Above the twinned pictures of Mossadeq and Mousavi on this protest poster are the words “We won’t let history repeat itself.” Centuries of intervention, humiliation and subjugation at the hand of foreign powers have decisively shaped Iran’s collective psyche. The most famous victim of this intervention – and also the most vivid symbol of Iran’s long struggle for democracy – is Mossadeq. Whenever Iranians assert their desire to shape their own fate, his image appears.
Iranians began their painful and bloody march toward democracy with the constitutional revolution of 1906. Only after the second world war did they finally manage to consolidate a freely elected government. Mossadeq was prime minister, and became hugely popular for taking up the great cause of the day, nationalisation of Iran’s oil industry. That outraged the British, who had “bought” the exclusive right to exploit Iranian oil from a corrupt Shah, and the Americans, who feared that allowing nationalization in Iran would encourage leftists around the world.
In the summer of 1953 the CIA sent the intrepid agent Kermit Roosevelt – grandson of President Theodore Roosevelt, who believed Americans should “walk softly and carry a big stick” – to Tehran with orders to overthrow Mossadeq. He accomplished it in just three weeks. It was a vivid example of how easy it is for a rich and powerful country to throw a poor and weak one into chaos.

With this covert operation, the world’s proudest democracy put an end to democratic rule in Iran. Mohammad Reza Shah Pahlavi returned to the Peacock Throne and ruled with increasing repression for a quarter-century. His repression produced the explosion of 1979 that brought reactionary mullahs to power. Theirs is the regime that rules Iran today.

Carrying a picture of Mossadeq today means two things: “We want democracy” and “No foreign intervention”. These demands fit together in the minds of most Iranians. Desperate as they are for the political freedom their parents and grandparents enjoyed in the early 1950s, they have no illusion that foreigners can bring it to them. In fact, foreign intervention has brought them nothing but misery.

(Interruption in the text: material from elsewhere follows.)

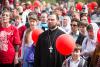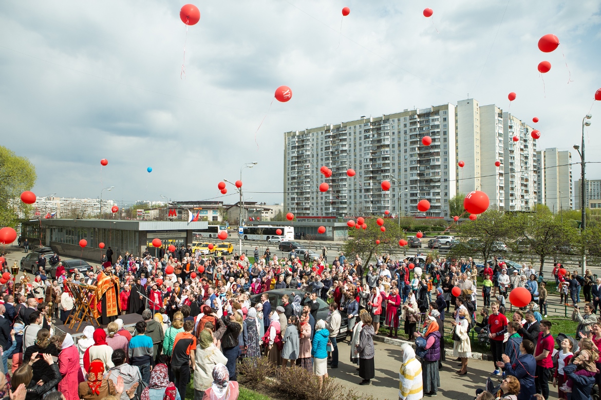 Яркая процессия, радующая глаз праздничными одеждами всех оттенков красного и алыми воздушными шарами с пасхальной символикой, парящими над головами идущих, под ликующее пение пасхального тропаря и восклицания «Христос Воскресе! – Воистину Воскресе!» прошла от храма святого благоверного великого князя Дмитрия Донского к посвящённому святому князю памятному камню возле метро.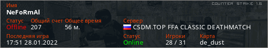 Играет на Counter Strike 1.6 сервере. Страна: РоссияПервый раз замечен 21:23 27.01.2022

The US sowed the seeds of repression in Iran by deposing Mossadeq in 1953, and then helped bathe Iran in blood by giving Saddam Hussein generous military aid during the Iran-Iraq war of the 1980s. Militants in Washington who now want the US to intervene on behalf of Iranian protesters either are unaware of this history or delude themselves into thinking that Iranians have forgotten it. Some of them, in fact, are the same people who were demanding just last year that the US bomb Iran – an act which would have killed many of the brave young protesters they now hold up as heroes.

America’s moral authority in Iran is all but non-existent. To the idea that the US should jump into the Tehran fray and help bring democracy to Iran, many Iranians would roll their eyes and say: “We had a democracy here until you came in and crushed it!”

President Barack Obama seems to grasp this reality. During his recent speech in Cairo, without mentioning Mossadeq by name, he conceded that “in the middle of the cold war, the United States played a role in the overthrow of a democratically elected Iranian government.” Then, after the current electoral protests broke out, he avoided the hypocrisy of righteous indignation and confined himself to saying that “ultimately the election is for the Iranians to decide.

Anyone doubting the wisdom of those words should pay attention to the sprouting of Mossadeq pictures during protests in Iran. They mean: “Americans, your interventions have brought us tyranny and death. Stay home, keep your hands off and leave our country to us for a change.”